DaTi*k*Z is a dataset containing a wide variety of Ti*k*Z drawings. It is
intended to support research and development of machine learning models that
can generate or manipulate vector graphics in L<sup>A</sup>T<sub>E</sub>X.

There are two main distributions publicly available:
[DaTi*k*Z<sub>v1</sub>](https://huggingface.co/datasets/nllg/datikz)
(introduced in [AutomaTi*k*Z](https://github.com/potamides/AutomaTikZ)) and
[DaTi*k*Z<sub>v2</sub>](<redacted for anonymity>)
(introduced in [DeTi*k*Zify](<redacted for anonymity>)). In
compliance with licensing agreements, certain Ti*k*Z drawings are excluded from
these public versions of the dataset. This repository provides tools and
methods to recreate the complete dataset from scratch.

> [!NOTE]
> The datasets you produce might vary slightly from the originally created
> ones, as the sources used for crawling are subject to continuous updates.

## Installation
DaTi*k*Z relies on a full [TeX Live](https://www.tug.org/texlive) installation
and also requires [ghostscript](https://www.ghostscript.com) and
[poppler](https://poppler.freedesktop.org). Python dependencies can be
installed as follows:
```sh
pip install -r requirements.txt
```
For processing [arXiv](https://arxiv.org) source files (optional), you
additionally need to preprocess arXiv bulk data using
[arxiv-latex-extract](https://github.com/potamides/arxiv-latex-extract).

## Usage
To generate the dataset, run the `main.py` script.

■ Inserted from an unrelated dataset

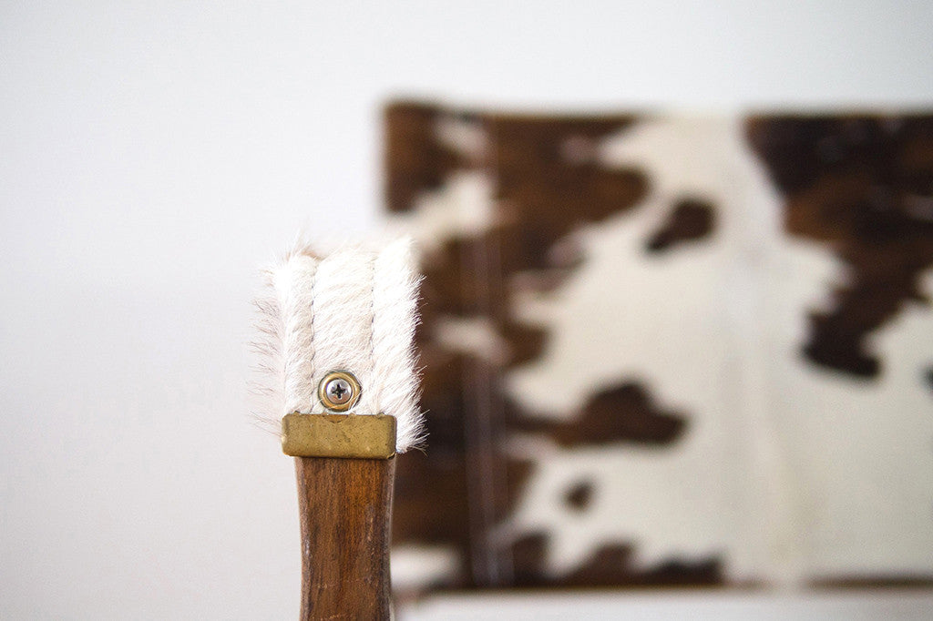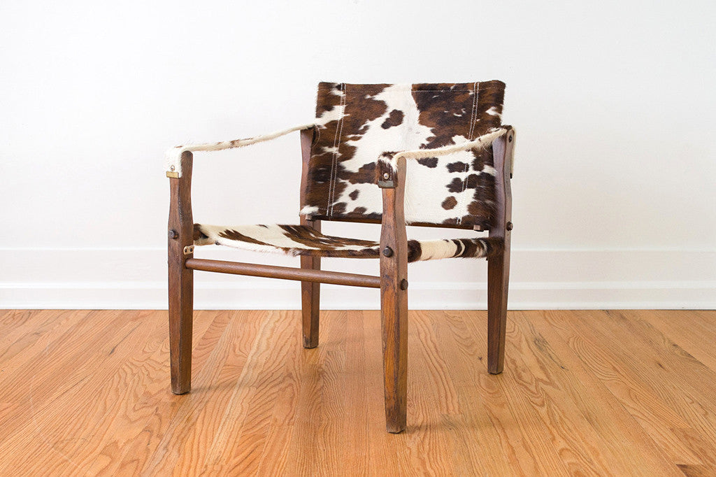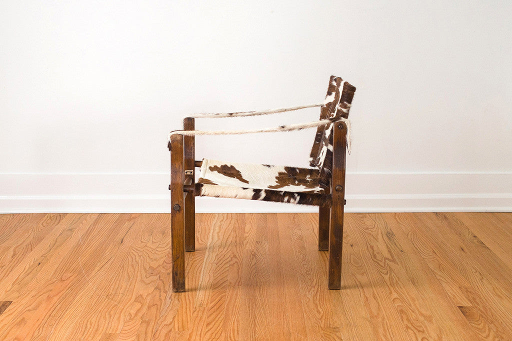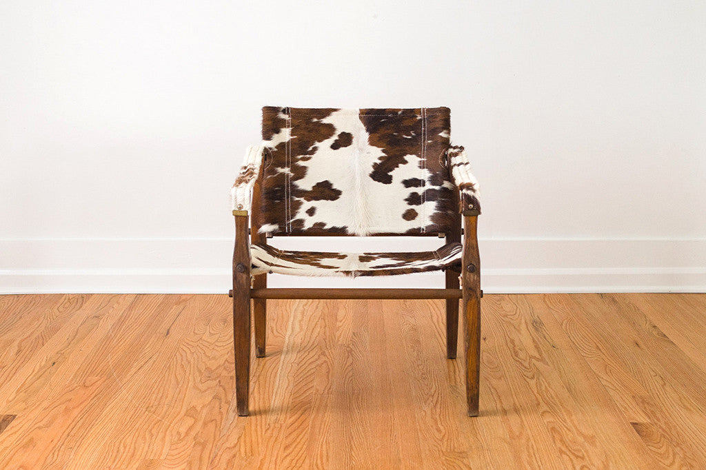 This campaign chair was manufactured by Gold Medal Folding Furniture Co. in Racine, WI. We had it upholstered in vintage cowhide with white contrast stitching. It's very sturdy and is still able to be disassemble as originally intended. The wood frame shows age related wear and the hide has natural wear. Please see pictures for detailed condition of this piece.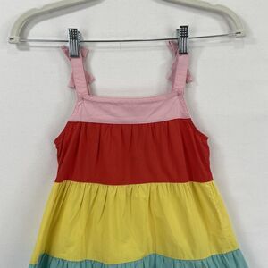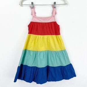 Hanna Andersson Dress Girls 5/110 cm Rainbow Stripe Sundress Tank Long Lined Bow

Use the `--help` flag to
view the available options. The commands for the official distributions are as
follows:
* **DaTi*k*Z<sub>v1</sub>**: `main.py --arxiv_files "${DATIKZ_ARXIV_FILES[@]}" --size 334 --captionize`
* **DaTi*k*Z<sub>v2</sub>**: `main.py --arxiv_files "${DATIKZ_ARXIV_FILES[@]}" --size 386`

In this example, the `DATIKZ_ARXIV_FILES` environment variable should contain
the paths to either the `jsonl` files obtained with the arxiv-latex-extract
utility, or archives that include these files.

When executed successfully, the script generates the following output files:
* `datikz-raw.parquet`: The raw, unsplit dataset without additional
  augmentation.
* `datikz-train.parquet`: The training split of the DaTi*k*Z dataset.
* `datikz-test.parquet`: The test split consisting of 1k items.